00000069bfd8 000000000025 R_X86_64_IRELATIV 415fe0
00000069c018 000000000025 R_X86_64_IRELATIV 416060
The shorten output of the section headers (readelf -S test
):
[Nr] Name Type Address Offset
Size EntSize Flags Link Info Align
...
[19] .got.plt PROGBITS 000000000069c000 0009c000
0000000000000020 0000000000000008 WA 0 0 8
...
It says that .got.plt
section is on the address 0x69c000
.
How is R_X86_64_IRELATIV relocation resolved
Every record in the relocation table contains two important information offset and addend. In the words the addend is pointer to function (also called indirect function) which takes no arguments and returns pointer to function. The returned pointer is placed on the offset from the relocation record.
Simple realocation resolver implementation:
void reolve_reloc(uintptr_t* offset, void* (*addend)())
{
//addend is pointer to function
*offset = addend();
}
From the example at the start of this answer.
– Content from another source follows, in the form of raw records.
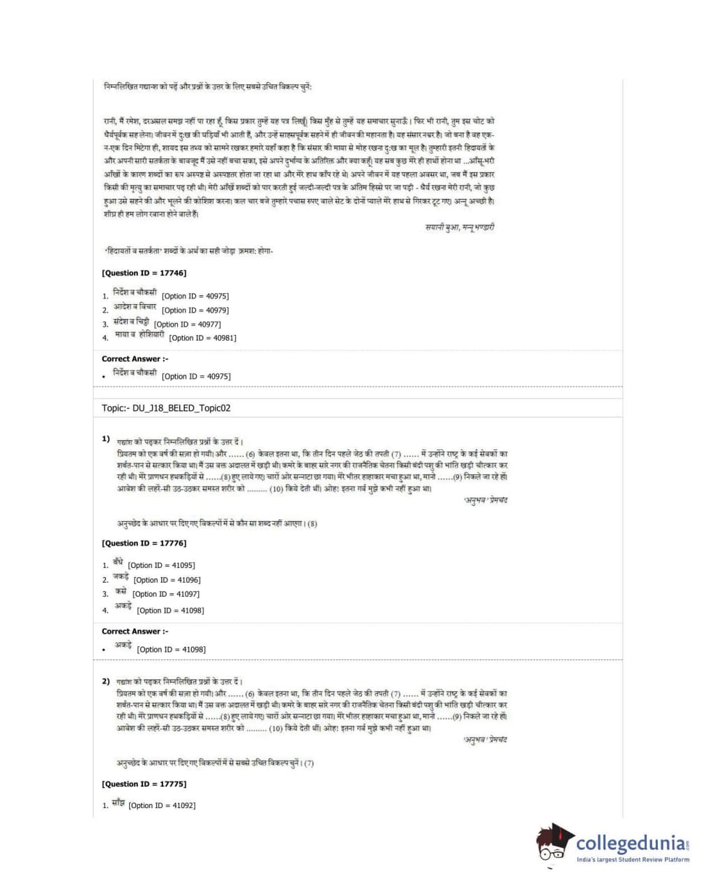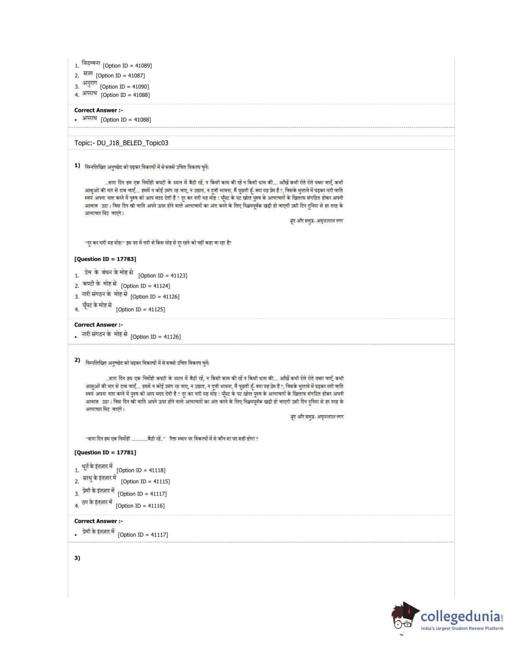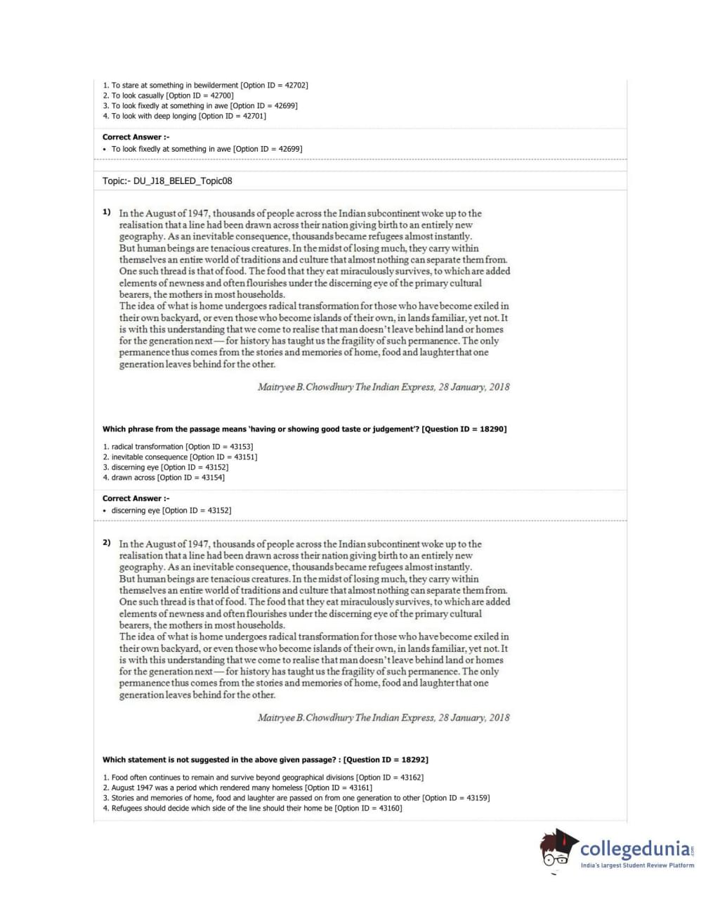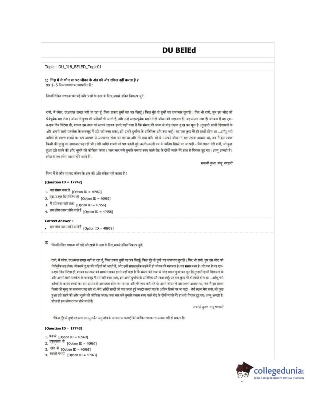 DU B.Ed Entrance Exam 2018 B.El.Ed. Question Paper with Answer Key PDFs Shift 2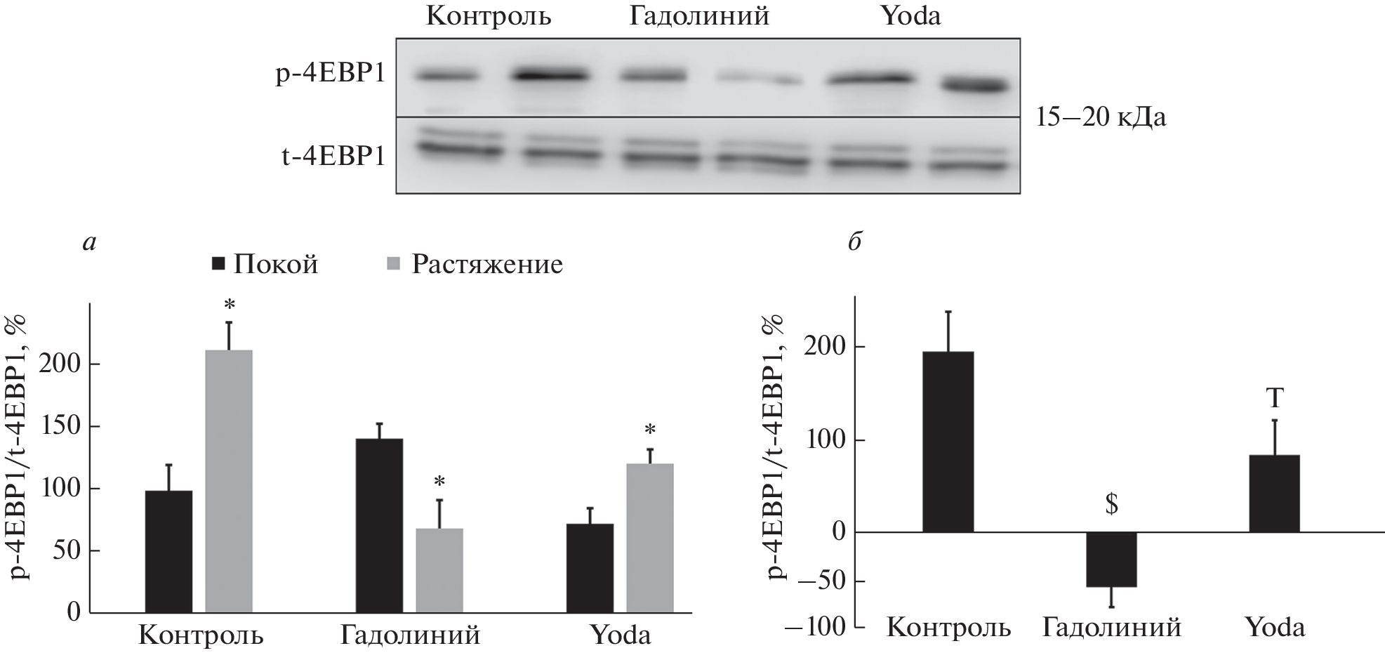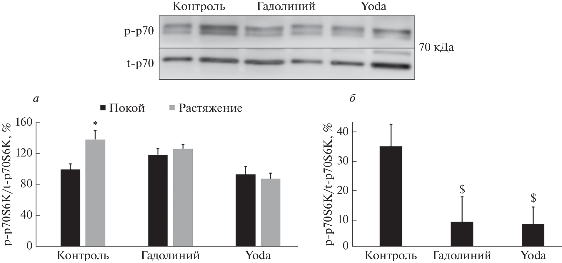 It is known that mTORC1-dependent pathway is involved in the activation of muscle protein synthesis and hypertrophy in response to mechanical stress. However, mechanosensors that mediate sensing and transmission of mechanical signals to the mTORC1 signaling pathway (mechanotransduction) are not yet identified. Mechanically activated (MA) ion channels are viewed as potential candidates for the role of such sarcolemmal mechanosensors. The aim of our work was to investigate the potential role of MA channels (Piezo1) in the activation of the mTORC1 pathway in the isolated rat soleus muscle in response to mechanical stress. Wistar rats were divided into 3 groups: 1) “Control” (isolated muscles were not exposed to MA channel inhibitor or Piezo1 channel activator); 2) “Gadolinium” (muscles were incubated with MA channel inhibitor, gadolinium chloride); 3) “Yoda” (muscles were incubated with Yoda1, Piezo1 activator). In rats from each group, the soleus from the left limb was incubated in the appropriate solution without mechanical stress in the form of a passive stretching, and the soleus from the right limb was subjected to passive stretching and then incubated in the appropriate solution. Phosphorylation of mTORC1 targets (p70S6K, rpS6, 4E-BP1) in rat soleus was determined by PAGE and immunoblotting. After passive stretching of the isolated soleus muscle there was an increase in phosphorylation of p70S6K, its substrate, rpS6, as well as 4E-BP1, by 38.5%, 168%, and 112%, respectively, compared to the soleus muscle that was not subjected to stretching. Incubation of the muscles with gadolinium completely prevented the activation of mTORC1 markers caused by stretching. Incubation of the soleus muscle in the solution with Yoda1 resulted in a decrease in the mechano-dependent phosphorylation of p70S6K, rpS6, and 4E-BP1 compared to a muscle that was not exposed to Yoda1. Thus, Piezo1 channels do not appear to play a role in the activation of mTORC1 signaling in rat soleus muscle in response to passive stretching.
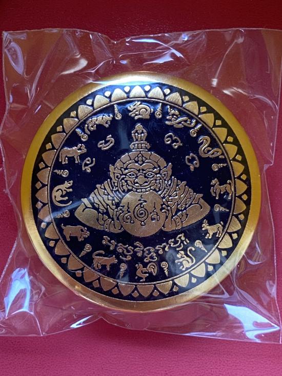 เคาะเดียวแดง สีผึ้งพระราหู รุ่น มงคลจักรวาล เนื้อ โลหะชุบทองลงยาสีดำขอบดำ ขนาด5ซม |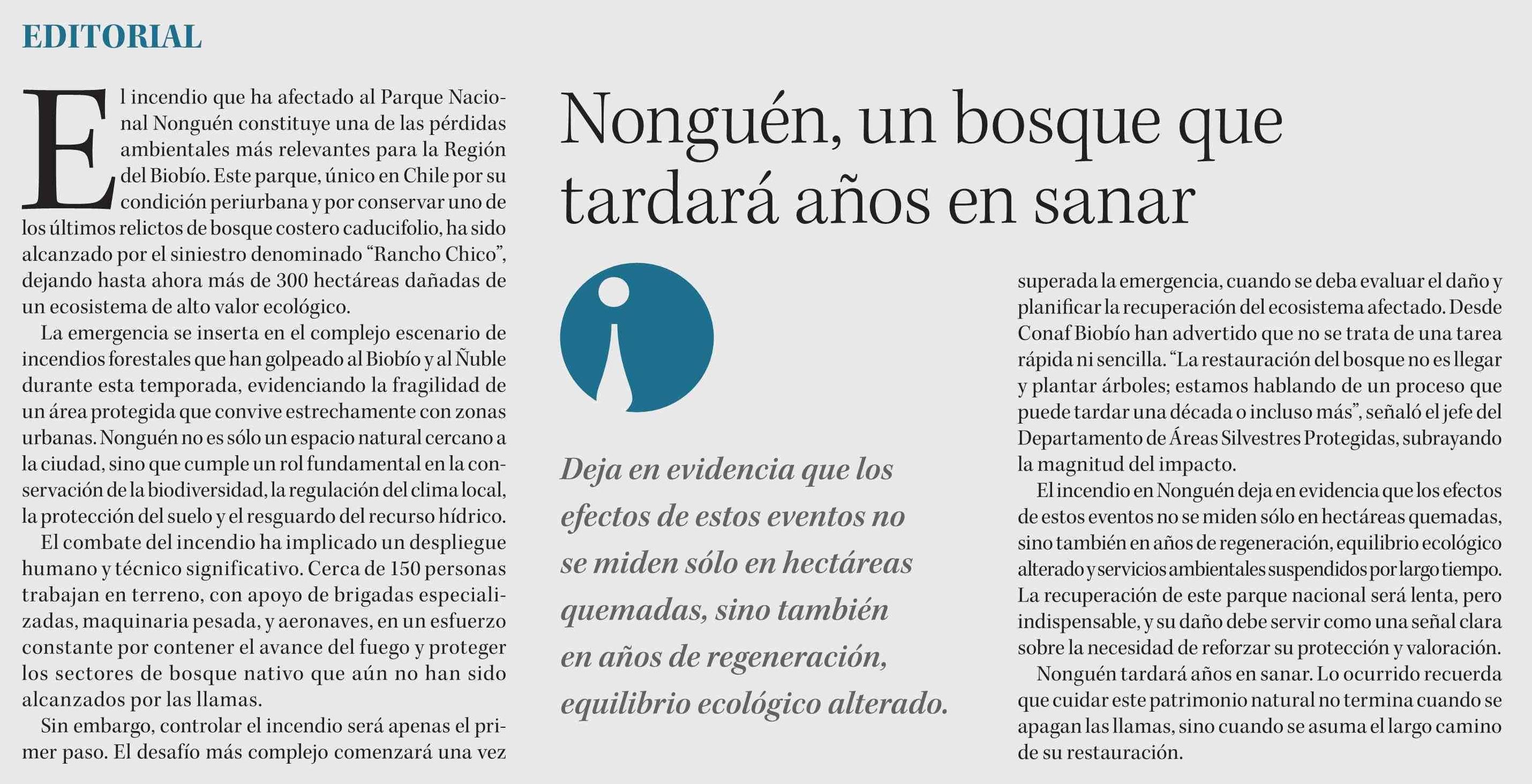 Editorial: Nonguén, un bosque que tardará años en sanar 26-01-2026 Diario Concepción |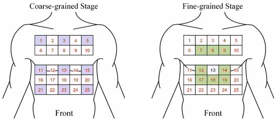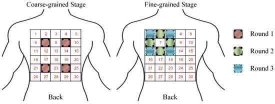 In the coarse-grained stage, we selected several squares, i.e., A squares, of which the locations were determined by different applications of ECG research. By computing the differences between signals from any two electrodes, a total of N WFEES modules could record N sets of six-channel ECG data simultaneously for all A squares with ⌈A/N⌉ rounds, where the “⌈ ⌉” symbol referred to the ceiling function; thus, A × 6 single-lead ECG data could be collected during the coarse-grained stage. The schematic diagram of squares for the front and back side of the human body is given in Figure 5. Note that the LANS method contained the following fine-grained stage to collect ECGs around coarse-grained A squares, so these A squares should not be adjacent. Therefore, the maximum value of A was 20, of which the locations are shown as the dark areas in Figure 5. The ECG data of the coarse-grained stage were then processed and evaluated, so the square, of which the ECG signals were relatively better than others for a predetermined purpose, i.e., ROI, could be determined.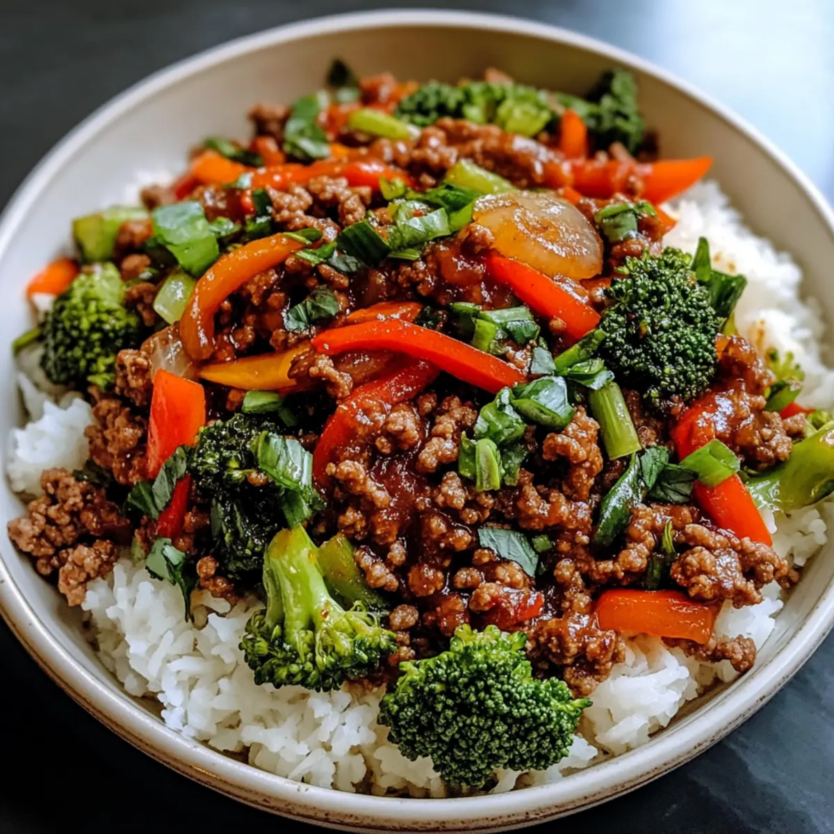 Verteile die würzige Rinderhackfleisch-Pfannengericht-Mischung gleichmäßig über den fluffigen Reis auf Tellern. Garniere das Gericht nach Belieben mit frischen, geschnittenen Frühlingszwiebeln für einen frischen Geschmackskontrast. Serviere das warme Pfannengericht sofort und genieße die köstliche Kombination aus Aromen und Texturen!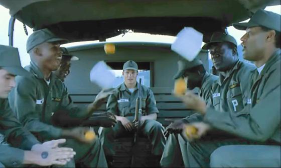 At 0:59:38, in the back of an army truck, 2 men each juggle 3 oranges for 4 seconds.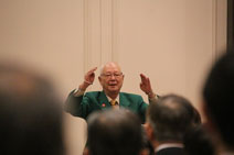 クラブの揃いのグリーンのジャケットを着用し、これから、松原六郎ガバナーエレクトを、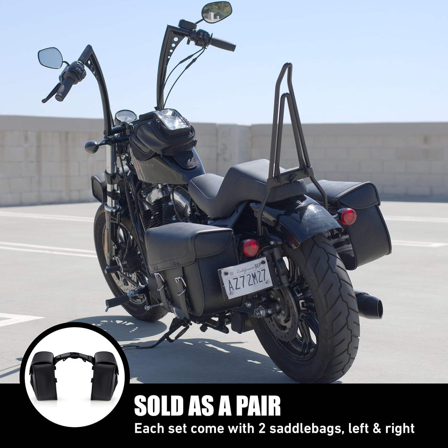- Classic Design: Elevate your motorcycle's style with the timeless elegance of black PU leather saddlebags. This refined material adds a sophisticated touch to your bike, seamlessly blending with its aesthetics. The classic design complements various motorcycle styles and colors, enhancing your ride's overall look with a sleek and cohesive appearance that stands out on the road.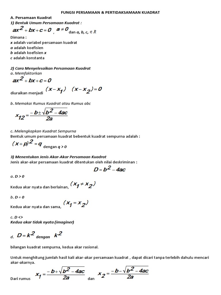 Materi Persamaan Kuadrat Kelas X Sma Coretan Tintaku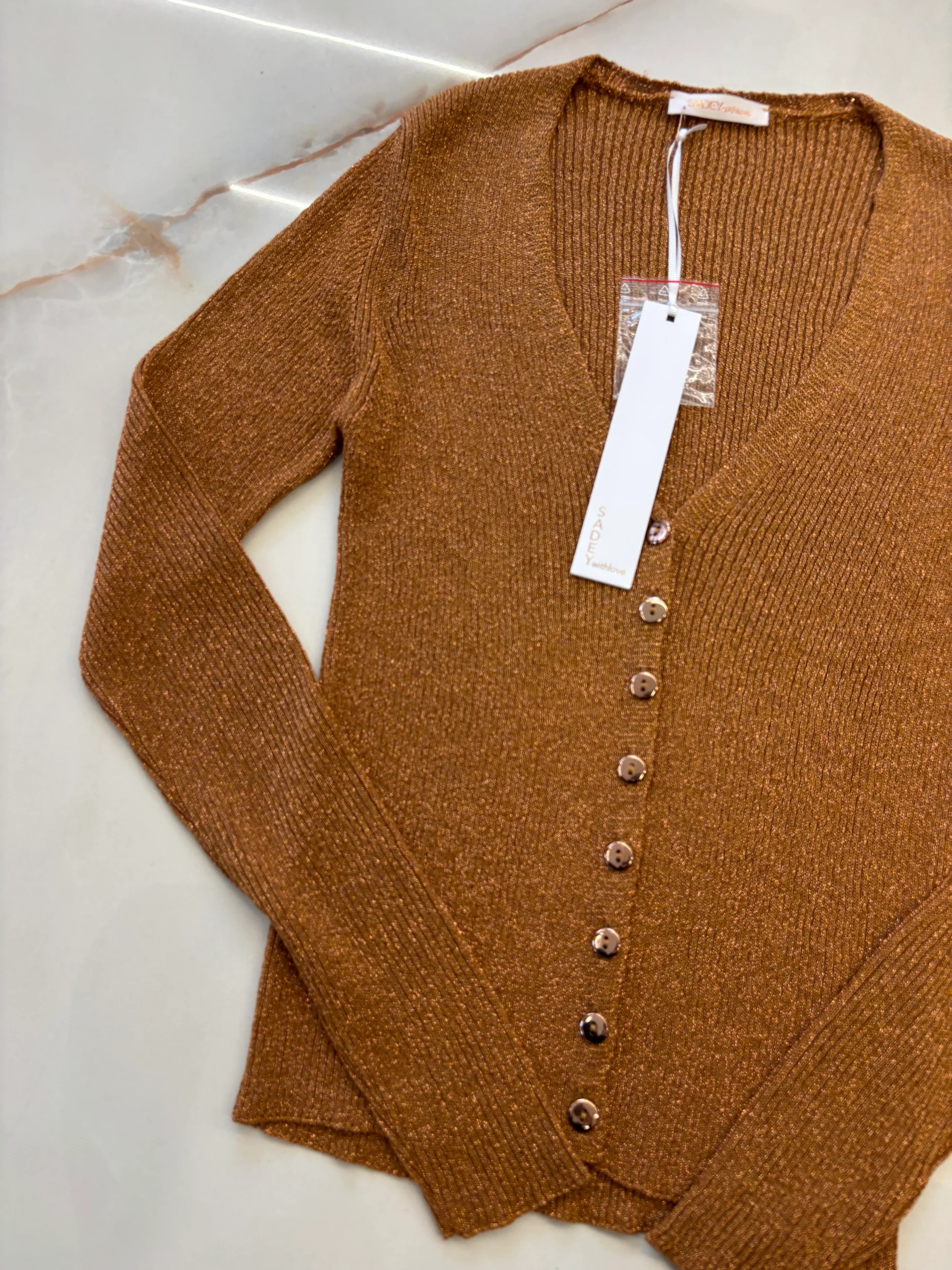In offerta! SADEY WITH LOVE – CARDIGAN LUREX – BRONZO119,00 € Il prezzo originale era: 119,00 €.47,20 €Il prezzo attuale è: 47,20 €. Misura Scegli un'opzioneSSvuota SADEY WITH LOVE - CARDIGAN LUREX - BRONZO quantità Aggiungi al carrello COD: N/A Categoria: cardigan Descrizione Informazioni aggiuntive Recensioni (0) Descrizione Composizione: 70% viscosa 15% poliestere 15% poliammidica Informazioni aggiuntive Misura S Recensioni Ancora non ci sono recensioni. Recensisci per primo “SADEY WITH LOVE – CARDIGAN LUREX – BRONZO” Annulla rispostaIl tuo indirizzo email non sarà pubblicato. I campi obbligatori sono contrassegnati *La tua valutazione * Valuta… Perfetto Buono Sufficiente Non male Scarso La tua recensione *Nome * Email * Salva il mio nome, email e sito web in questo browser per la prossima volta che commento. Prodotti correlati In offerta! SUSY MIX – CARDIGAN OVER – BEIGE 69,90 € Il prezzo originale era: 69,90 €.55,92 €Il prezzo attuale è: 55,92 €. Scegli Questo prodotto ha più varianti. Le opzioni possono essere scelte nella pagina del prodotto In offerta! SUSY MIX – CARDIGAN ART. 570100 – NERO 69,90 € Il prezzo originale era: 69,90 €.55,92 €Il prezzo attuale è: 55,92 €. Scegli Questo prodotto ha più varianti. Le opzioni possono essere scelte nella pagina del prodotto In offerta! TENSIONE IN – ALANUI BANDANA – GIALLO 124,00 € Il prezzo originale era: 124,00 €.99,20 €Il prezzo attuale è: 99,20 €. Scegli Questo prodotto ha più varianti. Le opzioni possono essere scelte nella pagina del prodotto In offerta! GUESS CARDIGAN DONNA W3YR23 Z37J2 90,00 € Il prezzo originale era: 90,00 €.50,40 €Il prezzo attuale è: 50,40 €. Scegli Questo prodotto ha più varianti. Le opzioni possono essere scelte nella pagina del prodotto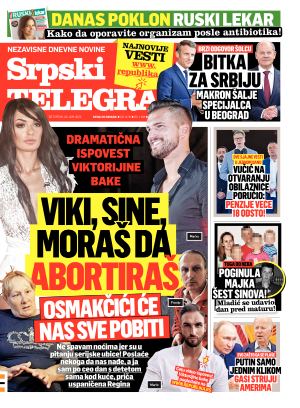 Naslovna strana Srpskog telegrafa za 16.06.2022.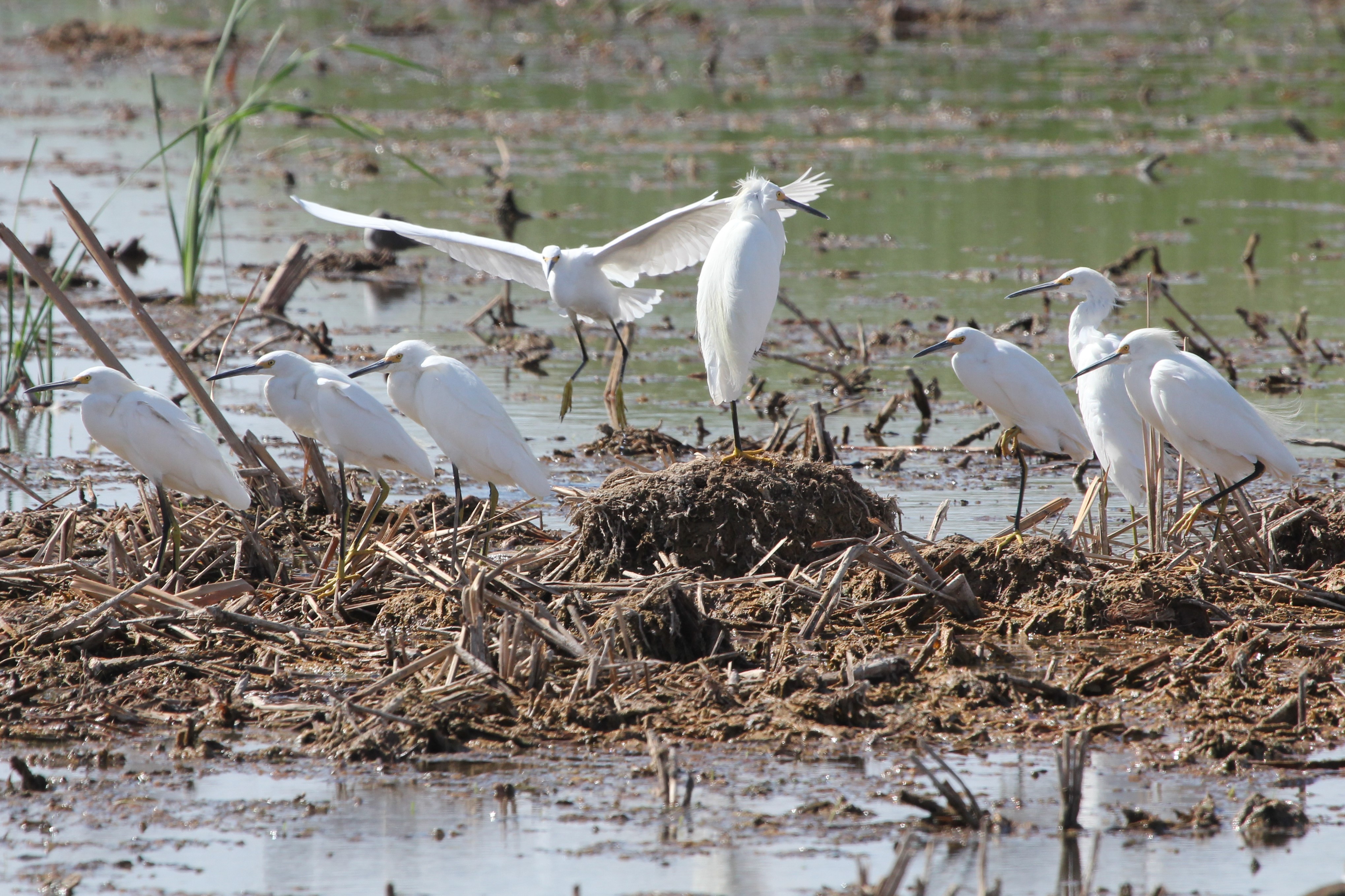 Titel: Amerikanske hvide pelikaner over Salton Sea

The last addend from the relocation table points to the address 0x416060
which is function strcpy_ifunc
. See the output from disassembly:
0000000000416060 <strcpy_ifunc>:
416060: f6 05 05 8d 28 00 10 testb $0x10,0x288d05(%rip) # 69ed6c <_dl_x86_cpu_features+0x4c>
416067: 75 27 jne 416090 <strcpy_ifunc+0x30>
416069: f6 05 c1 8c 28 00 02 testb $0x2,0x288cc1(%rip) # 69ed31 <_dl_x86_cpu_features+0x11>
416070: 75 0e jne 416080 <strcpy_ifunc+0x20>
416072: 48 c7 c0 70 dd 42 00 mov $0x42dd70,%rax
416079: c3 retq
41607a: 66 0f 1f 44 00 00 nopw 0x0(%rax,%rax,1)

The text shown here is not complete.